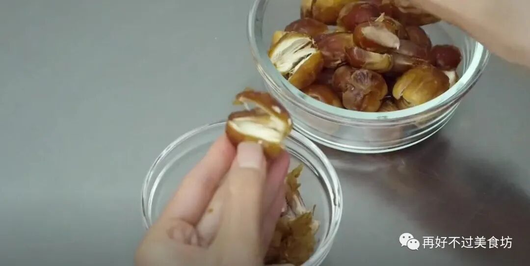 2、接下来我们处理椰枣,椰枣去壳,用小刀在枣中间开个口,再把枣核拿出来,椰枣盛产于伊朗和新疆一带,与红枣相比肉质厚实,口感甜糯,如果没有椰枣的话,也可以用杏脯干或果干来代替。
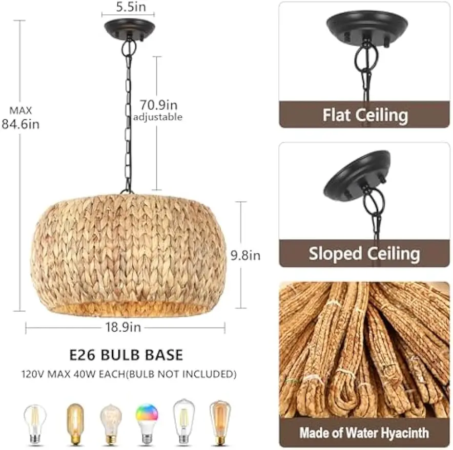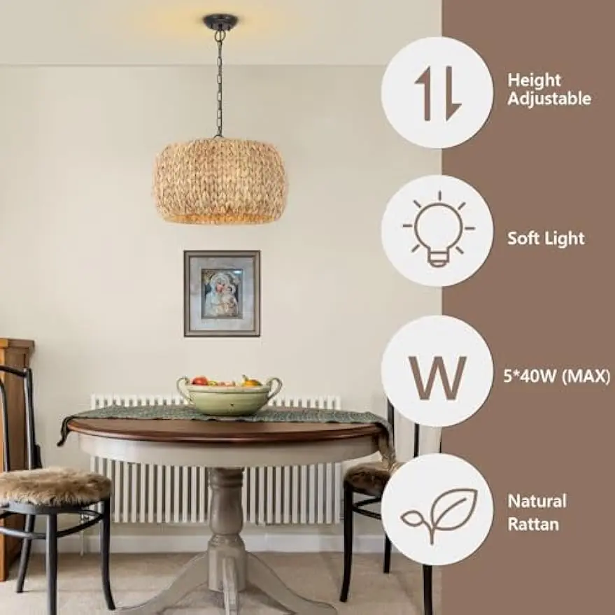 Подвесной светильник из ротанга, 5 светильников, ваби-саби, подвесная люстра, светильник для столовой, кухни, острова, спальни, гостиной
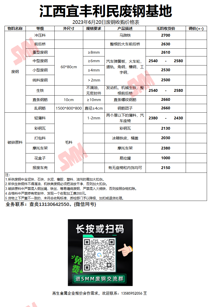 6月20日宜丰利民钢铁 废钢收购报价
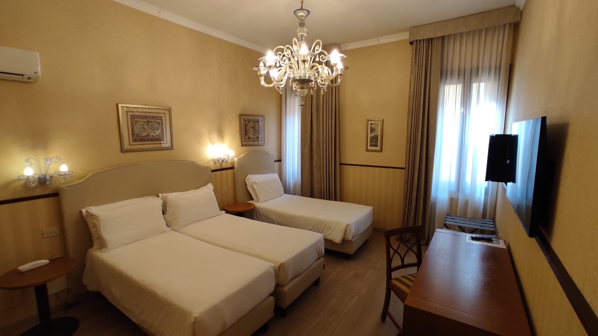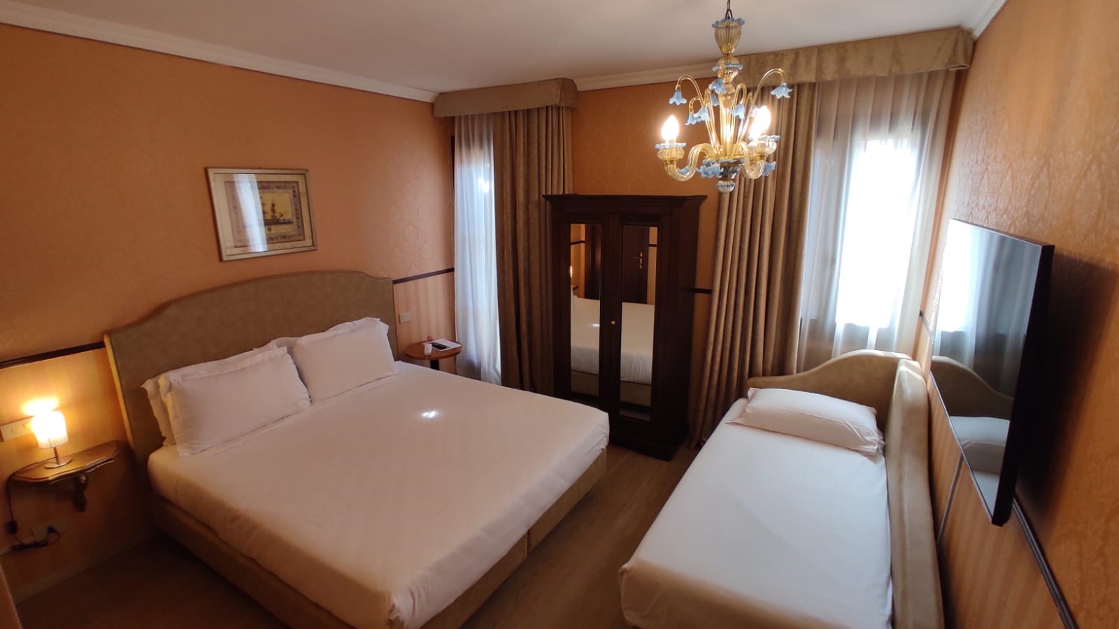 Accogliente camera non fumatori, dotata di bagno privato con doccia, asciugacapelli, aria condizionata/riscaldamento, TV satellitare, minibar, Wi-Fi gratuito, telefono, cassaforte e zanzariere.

---------------

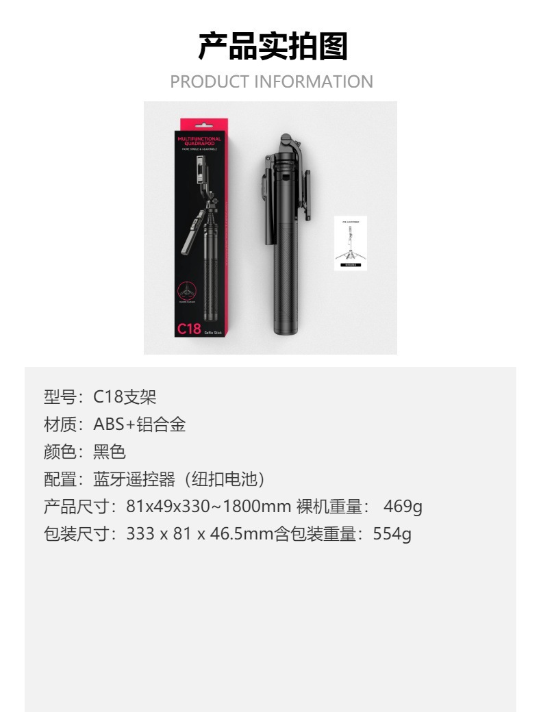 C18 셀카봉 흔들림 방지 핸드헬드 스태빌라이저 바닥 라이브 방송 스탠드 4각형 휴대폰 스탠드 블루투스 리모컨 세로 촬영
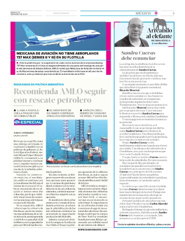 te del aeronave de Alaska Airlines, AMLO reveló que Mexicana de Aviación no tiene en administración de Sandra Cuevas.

---------------

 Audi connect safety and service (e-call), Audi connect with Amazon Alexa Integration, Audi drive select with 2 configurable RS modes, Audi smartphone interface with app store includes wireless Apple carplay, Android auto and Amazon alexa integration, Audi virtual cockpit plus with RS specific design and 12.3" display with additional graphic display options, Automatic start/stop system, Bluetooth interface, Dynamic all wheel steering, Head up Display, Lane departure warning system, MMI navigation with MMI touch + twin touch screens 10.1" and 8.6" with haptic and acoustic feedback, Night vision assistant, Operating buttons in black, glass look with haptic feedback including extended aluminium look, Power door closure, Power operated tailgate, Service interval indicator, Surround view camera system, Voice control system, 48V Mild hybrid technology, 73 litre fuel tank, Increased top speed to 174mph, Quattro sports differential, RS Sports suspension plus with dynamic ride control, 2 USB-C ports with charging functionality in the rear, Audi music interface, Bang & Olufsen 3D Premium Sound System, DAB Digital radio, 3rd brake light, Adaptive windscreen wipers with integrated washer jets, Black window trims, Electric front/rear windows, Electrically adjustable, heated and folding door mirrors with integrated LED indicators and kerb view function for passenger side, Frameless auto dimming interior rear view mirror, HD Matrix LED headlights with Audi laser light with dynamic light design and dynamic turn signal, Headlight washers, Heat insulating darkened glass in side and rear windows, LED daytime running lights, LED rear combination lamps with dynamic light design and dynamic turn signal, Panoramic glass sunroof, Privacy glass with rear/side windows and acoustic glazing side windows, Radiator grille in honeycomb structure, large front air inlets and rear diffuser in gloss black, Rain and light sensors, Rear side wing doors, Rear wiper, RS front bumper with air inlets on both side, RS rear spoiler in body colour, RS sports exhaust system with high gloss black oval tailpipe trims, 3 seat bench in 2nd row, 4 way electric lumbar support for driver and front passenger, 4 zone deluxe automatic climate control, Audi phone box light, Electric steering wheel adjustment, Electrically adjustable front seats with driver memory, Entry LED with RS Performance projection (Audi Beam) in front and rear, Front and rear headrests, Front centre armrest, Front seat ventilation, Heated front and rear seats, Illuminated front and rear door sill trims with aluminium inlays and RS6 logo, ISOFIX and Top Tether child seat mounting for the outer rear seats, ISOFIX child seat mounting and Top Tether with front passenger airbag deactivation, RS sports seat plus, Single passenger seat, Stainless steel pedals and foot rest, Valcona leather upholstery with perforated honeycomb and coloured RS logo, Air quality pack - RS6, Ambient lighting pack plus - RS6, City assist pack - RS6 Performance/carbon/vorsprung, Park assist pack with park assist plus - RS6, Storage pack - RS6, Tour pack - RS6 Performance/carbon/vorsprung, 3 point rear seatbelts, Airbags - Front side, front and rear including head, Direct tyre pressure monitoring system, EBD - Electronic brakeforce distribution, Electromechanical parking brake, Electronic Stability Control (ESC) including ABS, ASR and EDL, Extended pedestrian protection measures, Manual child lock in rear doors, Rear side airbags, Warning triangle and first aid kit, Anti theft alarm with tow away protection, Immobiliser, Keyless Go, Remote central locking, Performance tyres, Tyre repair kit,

---------------

Your goal. When you reach the line with "Подвесной светильник из" in the records above, begin repeating the lines exactly, and stop after the line with "Accogliente camera non". Skip all pictures.

Problem solution.
 Подвесной светильник из ротанга, 5 светильников, ваби-саби, подвесная люстра, светильник для столовой, кухни, острова, спальни, гостиной
 6月20日宜丰利民钢铁 废钢收购报价
 Accogliente camera non fumatori, dotata di bagno privato con doccia, asciugacapelli, aria condizionata/riscaldamento, TV satellitare, minibar, Wi-Fi gratuito, telefono, cassaforte e zanzariere.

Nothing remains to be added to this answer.